The major economic drivers of low interest rates combined with the several big tech trends, such as the acceleration of corporate digital transformation, indicates continued growth in VC. Indeed SVB expects VC fundraising to reach new records in 2021. And it anticipates that late-stage valuations will grow further this year as well. Early stage businesses, those undertaking Seed and Series A rounds, will need to deftly construct their funding plans to stand out from the crowd. As fund sizes surge, so do their expectations. And with first time financings in continuous decline since 2014, those startups in the transition from private to institutional finance will need stellar propositions to compete. As KPMG observes "In recent months, a number of startups pulled back on funding rounds given concerns over valuations and access to potential funds — instead looking to shorter-term interim funding to keep them afloat and push their need for larger raises down the road."
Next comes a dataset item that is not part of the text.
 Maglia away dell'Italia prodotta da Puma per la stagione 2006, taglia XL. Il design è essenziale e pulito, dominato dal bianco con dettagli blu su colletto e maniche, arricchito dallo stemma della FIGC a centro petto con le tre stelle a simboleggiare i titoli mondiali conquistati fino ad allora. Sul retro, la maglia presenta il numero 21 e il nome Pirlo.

This KPMG analysis closely echos our own observations. We heard of so many cases in 2020 where early stage campaigns just petered out. Those startups with a strong roster of Angel investors on the cap table were able to partially rebuild balance sheets to go again when the investment proposition becomes more advanced. But for many others it has sadly been the end of the line. The irony is that Investors are keenly aware that the best companies are often formed in downturns. The rise in both the number and size of new funds raised during a turbulent 2020, confirms that Limited Partners feel the same. 136 new funds were established across Europe in 2020 (130 in 2019) with $17.7B raised ($15.5B in 2019). Whilst some Seed/Series A funds have been heavily oversubscribed, forcing them to seek more mature propositions, a number have intentionally capped their fund sizes so they can remain true to their original early stage remit. We really respect that and hope it continues.
Big valuations limit future options
As the venture market breaks records in capital deployed, the competition for the best deals is becoming more intense. VCs are in the hunt for the big outliers - the ones that will break the $1B valuation exit threshold and be able to return the entire fund. 26 new unicorns have been minted globally this month alone, according to Pitchbook. In the frenzy, valuations continue to rise to support the ever larger cheques that are being written. But this comes at a cost, as expectations of future returns climb ever higher to support the ROI multiples required. This places an ever greater burden on founders to drive rapid and sometimes unrealistic growth.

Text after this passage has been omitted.